Start of PROVIDED RECORDS

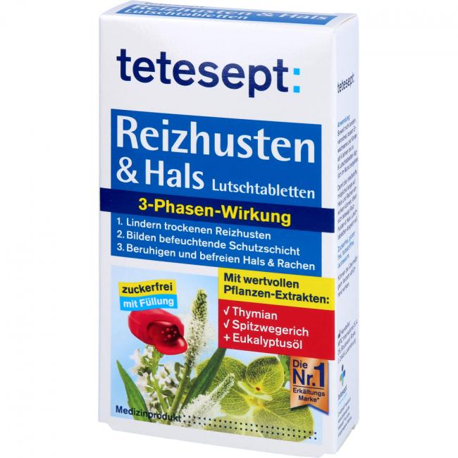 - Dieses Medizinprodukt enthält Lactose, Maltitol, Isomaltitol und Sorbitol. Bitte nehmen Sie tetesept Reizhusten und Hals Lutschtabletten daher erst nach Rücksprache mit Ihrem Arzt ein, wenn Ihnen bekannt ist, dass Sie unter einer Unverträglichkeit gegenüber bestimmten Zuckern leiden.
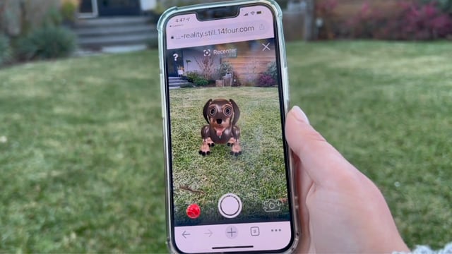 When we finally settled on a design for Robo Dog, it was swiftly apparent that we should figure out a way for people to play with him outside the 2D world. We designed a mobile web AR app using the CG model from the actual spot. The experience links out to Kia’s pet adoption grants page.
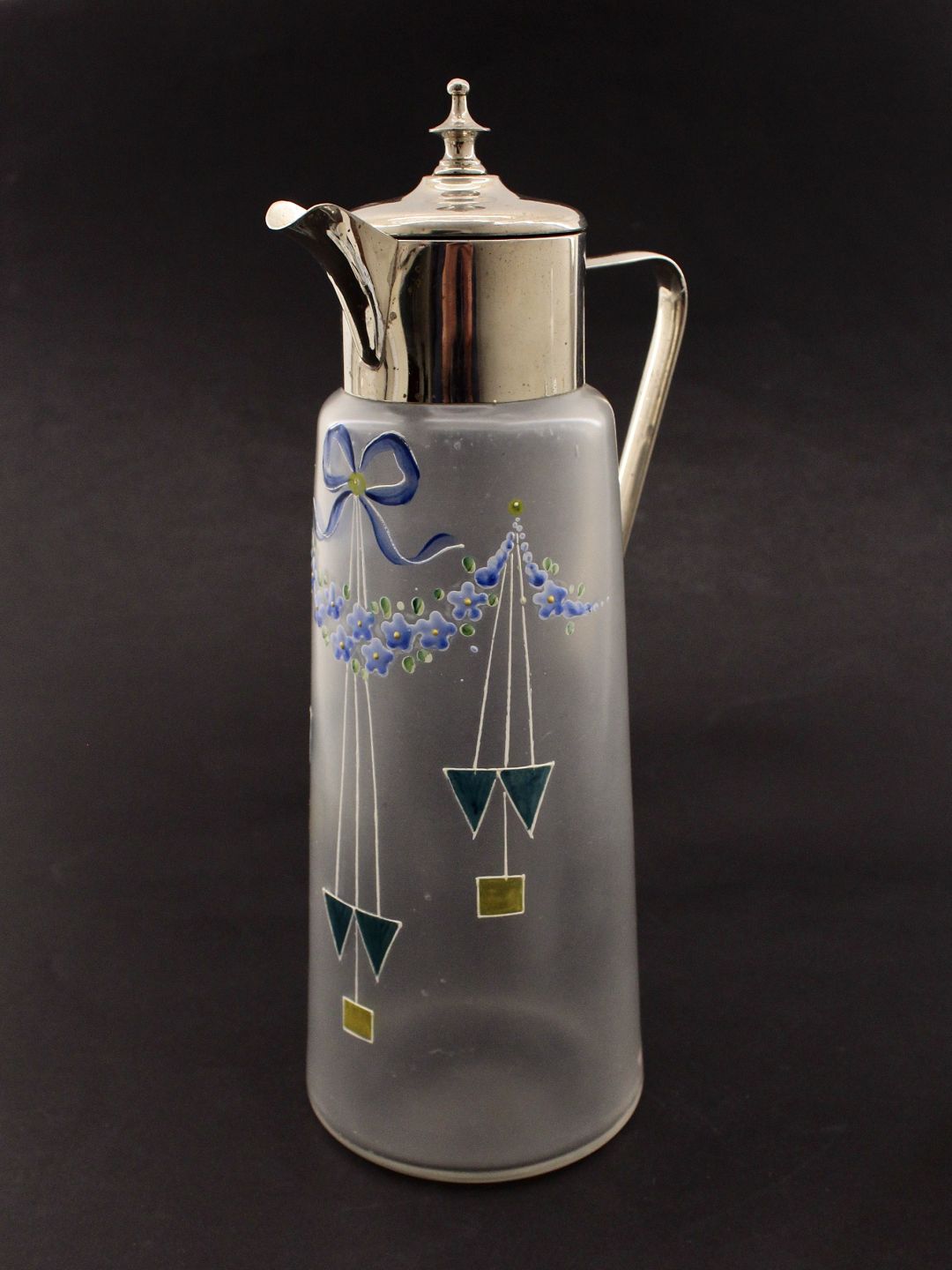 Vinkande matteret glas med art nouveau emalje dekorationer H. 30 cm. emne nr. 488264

End of PROVIDED RECORDS
Start of PROVIDED RECORDS

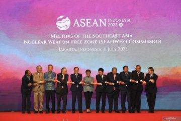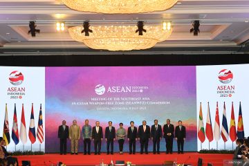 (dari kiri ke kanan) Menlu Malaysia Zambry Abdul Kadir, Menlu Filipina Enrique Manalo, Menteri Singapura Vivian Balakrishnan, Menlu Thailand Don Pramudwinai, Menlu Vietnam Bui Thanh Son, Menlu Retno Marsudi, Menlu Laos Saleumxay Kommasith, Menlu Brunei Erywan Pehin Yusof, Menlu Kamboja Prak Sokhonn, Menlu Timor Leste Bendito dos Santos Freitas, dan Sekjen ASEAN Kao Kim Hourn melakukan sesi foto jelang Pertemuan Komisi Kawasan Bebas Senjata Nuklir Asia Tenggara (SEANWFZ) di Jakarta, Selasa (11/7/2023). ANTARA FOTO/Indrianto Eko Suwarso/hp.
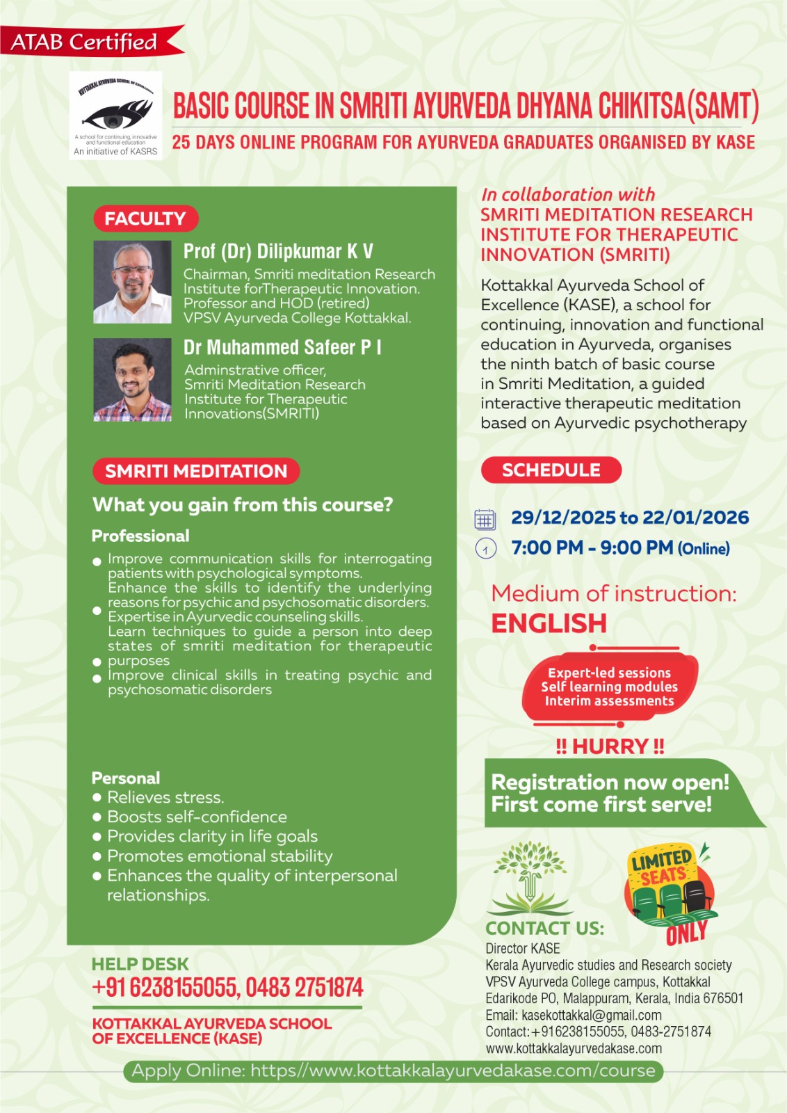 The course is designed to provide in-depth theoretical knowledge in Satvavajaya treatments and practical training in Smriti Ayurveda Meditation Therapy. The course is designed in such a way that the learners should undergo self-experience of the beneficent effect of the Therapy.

End of PROVIDED RECORDS
Start of PROVIDED RECORDS

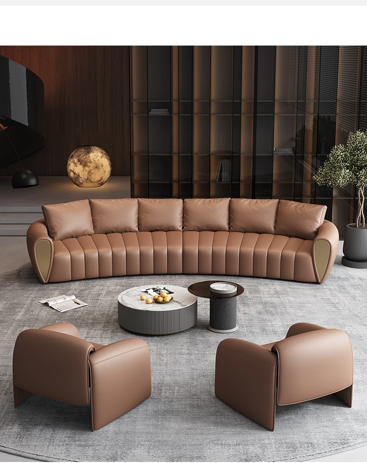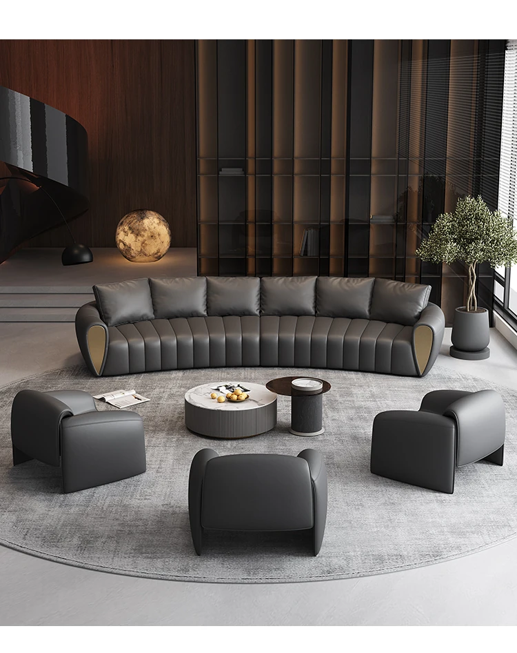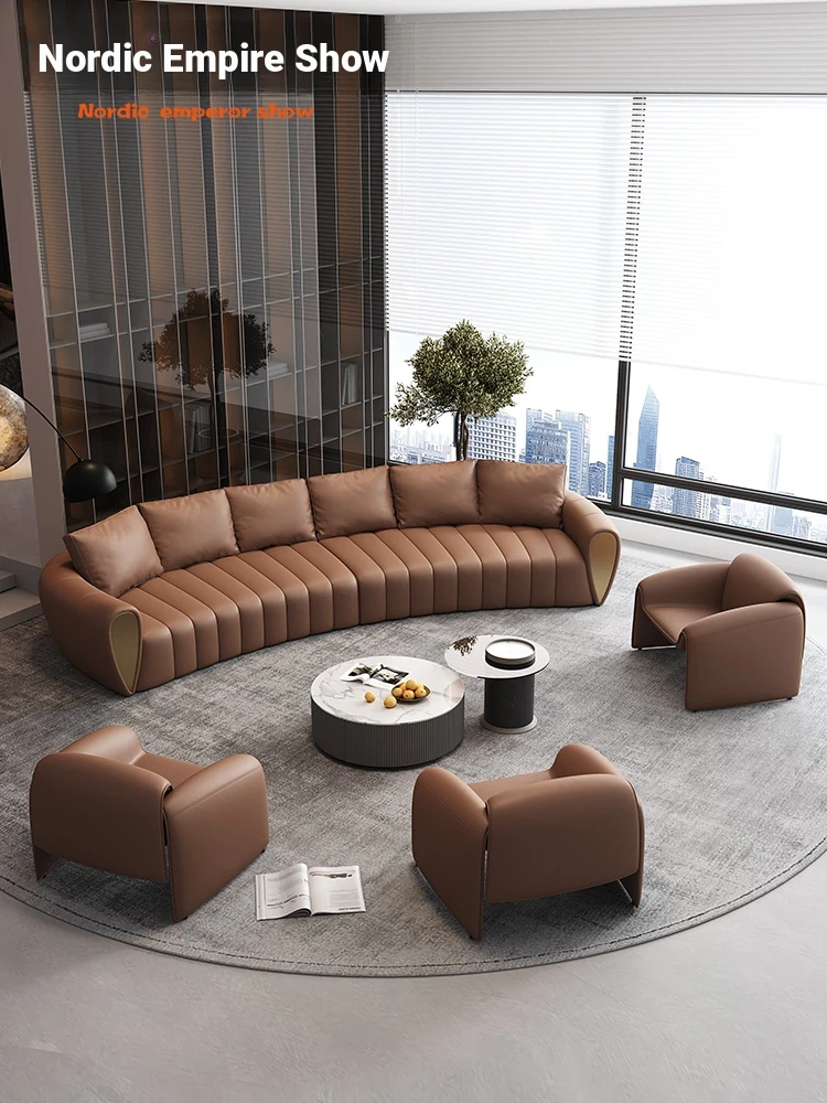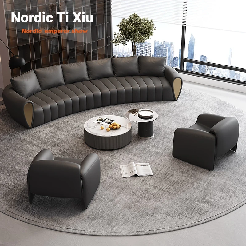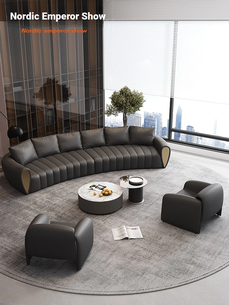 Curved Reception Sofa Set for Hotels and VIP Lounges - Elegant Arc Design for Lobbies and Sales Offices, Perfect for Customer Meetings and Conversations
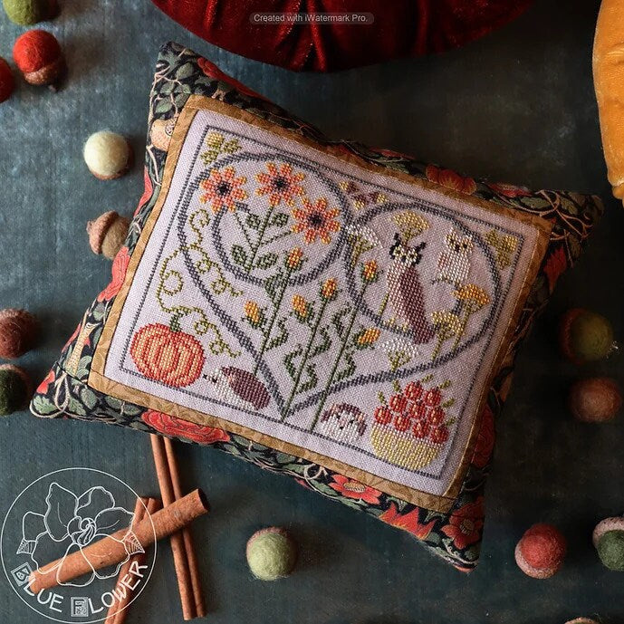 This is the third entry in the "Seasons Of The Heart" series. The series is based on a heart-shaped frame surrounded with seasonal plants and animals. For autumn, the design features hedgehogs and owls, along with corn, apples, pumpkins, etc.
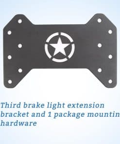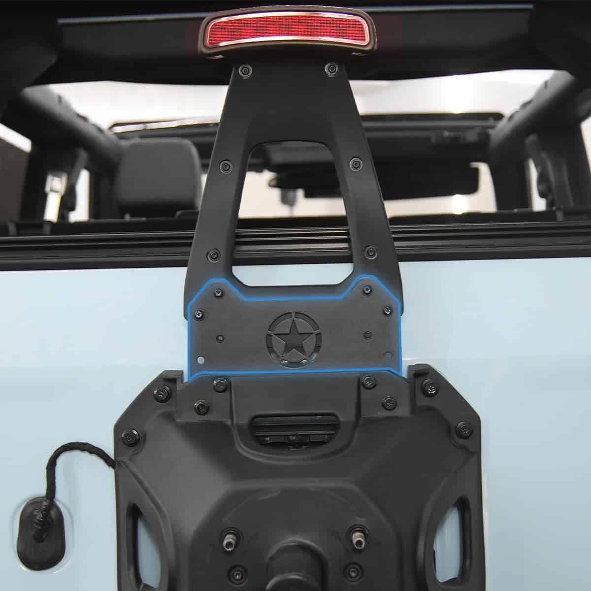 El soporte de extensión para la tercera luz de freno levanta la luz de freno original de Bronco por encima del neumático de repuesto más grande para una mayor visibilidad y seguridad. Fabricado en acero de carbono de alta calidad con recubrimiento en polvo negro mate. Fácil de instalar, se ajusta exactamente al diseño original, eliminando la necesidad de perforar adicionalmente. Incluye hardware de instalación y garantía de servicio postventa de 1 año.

End of PROVIDED RECORDS

PROBLEM TO SOLVE: Copy out the lines above from the line containing "Curved Reception Sofa" through the line containing "El soporte de", exactly, and keep the pictures out.

ANSWER TO THIS EXERCISE:
 Curved Reception Sofa Set for Hotels and VIP Lounges - Elegant Arc Design for Lobbies and Sales Offices, Perfect for Customer Meetings and Conversations
 This is the third entry in the "Seasons Of The Heart" series. The series is based on a heart-shaped frame surrounded with seasonal plants and animals. For autumn, the design features hedgehogs and owls, along with corn, apples, pumpkins, etc.
 El soporte de extensión para la tercera luz de freno levanta la luz de freno original de Bronco por encima del neumático de repuesto más grande para una mayor visibilidad y seguridad. Fabricado en acero de carbono de alta calidad con recubrimiento en polvo negro mate. Fácil de instalar, se ajusta exactamente al diseño original, eliminando la necesidad de perforar adicionalmente. Incluye hardware de instalación y garantía de servicio postventa de 1 año.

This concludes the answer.